1La création en 1982 de l’Institut du Pacifique puis la publication un an après de l’ouvrage « Le Pacifique nouveau centre du monde » (Gomane et al., 1983) ont contribué pour la première fois à centrer la focale des médias français sur cette région du monde. Comme le souligne Groothaert (1992) : « L'immense Océan Pacifique, vaste comme deux fois l'Atlantique, est en réalité une "nouvelle Méditerranée", dont les rivages sont habités par près de six habitants de la planète sur dix, créant une communauté de fait vers laquelle s'opère un glissement du centre de gravité économique mondial. » Près de trente ans plus tard, le bassin Pacifique est qualifié de centre du nouvel ordre mondial (Guibert et Haber, 2018) avec l’émergence de la Chine comme nouveau géant économique mondial. Paradoxalement, ce décentrement du monde vers le Pacifique tend à occulter le caractère périphérique de l’immense part de l’espace maritime de ce bassin Pacifique qui couvre une superficie de plus de 165 millions de kilomètres carrés. Environ 17 500 km séparent les façades occidentale (Philippines) et orientale (Panama) de ce bassin. Ici l’Océan règne en maître et l’homme n’occupe qu’une myriade d’îles d’une superficie souvent inférieure à la centaine de kilomètres carrés. Communément appelé Pacifique Sud (Doumenge, 1966 ; Antheaume et Bonnemaison, 1988) ou Océanie (Guilcher 1970 ; Antheaume, Bonnemaison 1995), plus rarement Pacifique insulaire ou Océanie insulaire, cet espace est délimité au nord par l’atoll de Midway et au sud par l’île Stewart, à l’extrémité méridionale de la Nouvelle-Zélande. Plus de 8 000 km séparent ces deux terres.

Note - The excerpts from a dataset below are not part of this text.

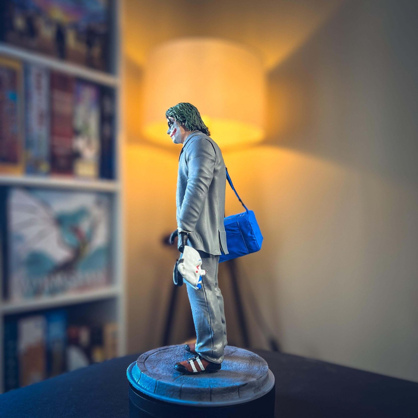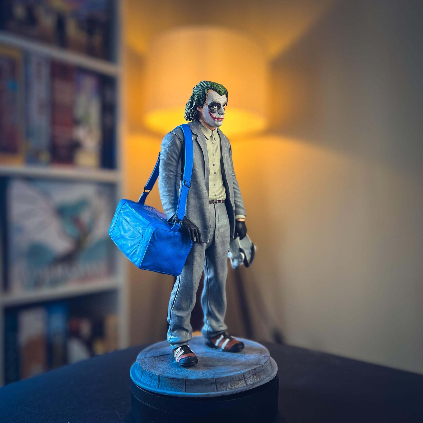 Heath Ledger’ın sinema tarihine geçen Joker performansının en gizemli anlarından biri, Figuart Collectibles kalitesiyle hayat buluyor. Banka soygunu sahnesindeki o soğukkanlı duruşu yansıtan bu figür, her detayında profesyonel ustalığı barındırıyor.
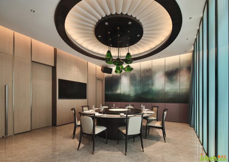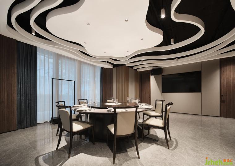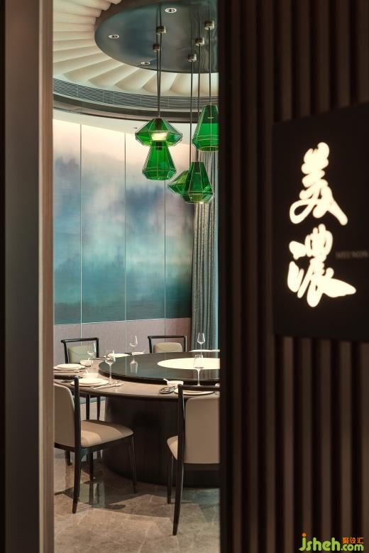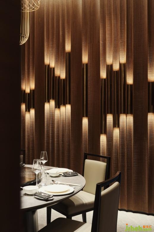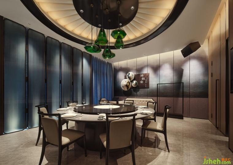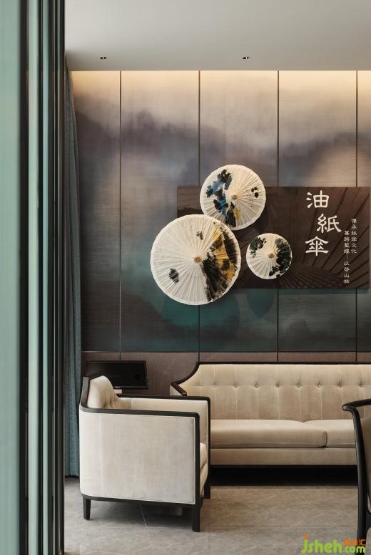 空间设计以油纸伞独特的文化内涵装饰,传递吉祥、平安和团圆的美好寓意,山林意象的壁布环绕空间,如置身于美浓宁静美好的自然风光之中。圆形天花吊顶巧妙地采用了透光材质的组合,营造出伞面撑开的视觉效果,在灯光下展现出温润轻盈的光影效果。
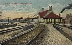 The station was built in 1905 at the cost of $70,000. It was located on the southern banks of the Mahoning River. This was in contrast to competing stations of the Erie, New York Central and Pennsylvania railroads located in the city's downtown. The B&O raised the railroad tracks to the level of the building's second floor after river flooding of the area, which reached an epic level in March 1913.[3] In 1926 the company added a freight house.[4][2]
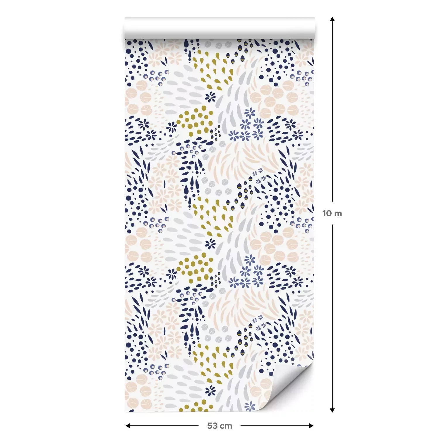 Eine Standard-Tapetenrolle hat die Maße 0,53 m x 10 m und deckt eine Wandfläche von etwa 5 m² ab.
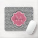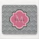 Une mousepad motif en arc de pétoncle à la mode art noir avec un badge en quatrefoil rose foncé que vous pouvez personnaliser en ajoutant facilement votre propre monogramme et nom. Il fait partie de la collection de printemps de Monogram Rose Rapture Scallops.
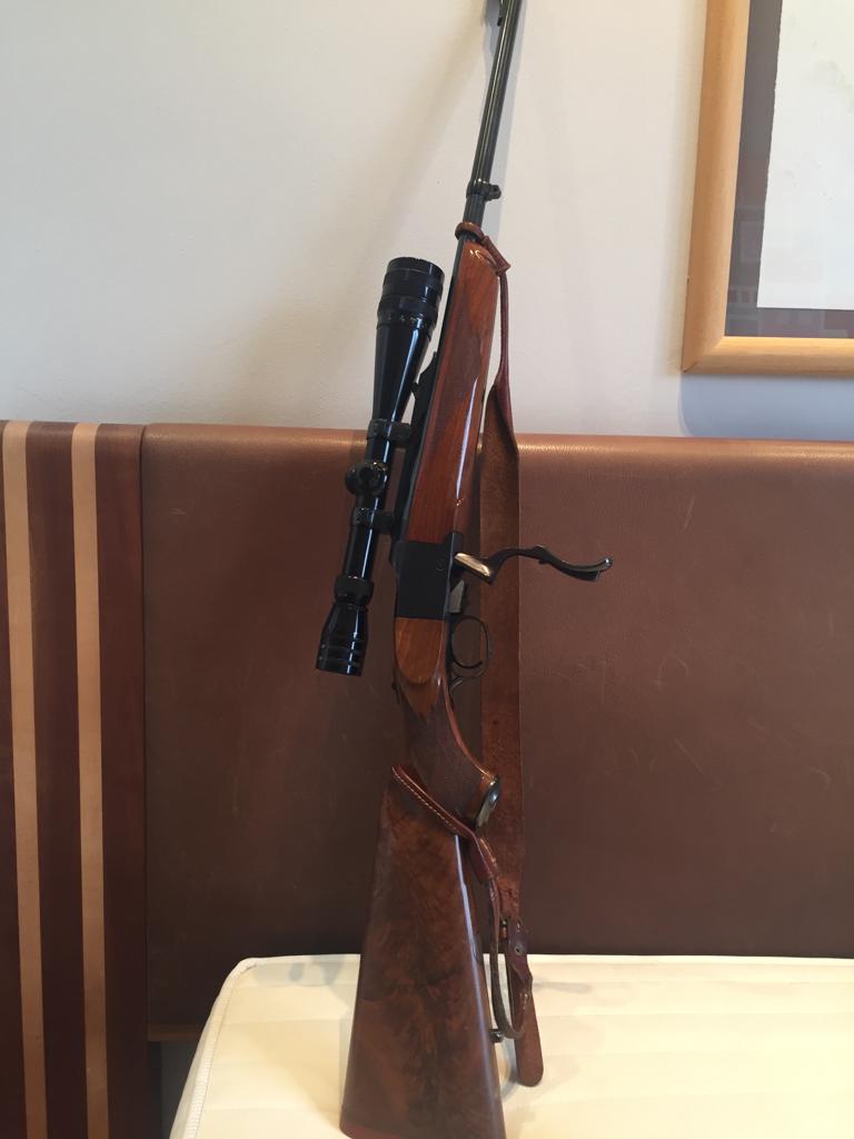Es un rifle que se recamara para 375 y para cartuchos bastante más gordos: 458 Lott.etc nunca lo he entendido. Cartuchos stopper y sólo tienes un tiro

2Ce numéro de L’Information géographique ne s’articule pas autour d’une approche thématique particulière mais se focalise sur cet espace géographique peu connu de l’Océanie insulaire et plus spécifiquement les territoires ultramarins français du Pacifique sud-ouest. Rares sont les revues en géographie consacrant un numéro complet à cette partie du monde et nous ne pouvons que remercier les éditeurs de nous donner l’opportunité de partager quelques recherches sur ces régions du territoire français qui ne s’arrête pas aux frontières de l’hexagone. Sur les trois collectivités d’Outre-mer situées en Océanie, la Polynésie Française, la Nouvelle-Calédonie et Wallis et Futuna, les deux dernières sont ici particulièrement mis en avant avec un éclairage notamment autour des enjeux de développement, de la gestion et la prévention des risques naturels, ou encore de la gouvernance et de l’évolution des littoraux.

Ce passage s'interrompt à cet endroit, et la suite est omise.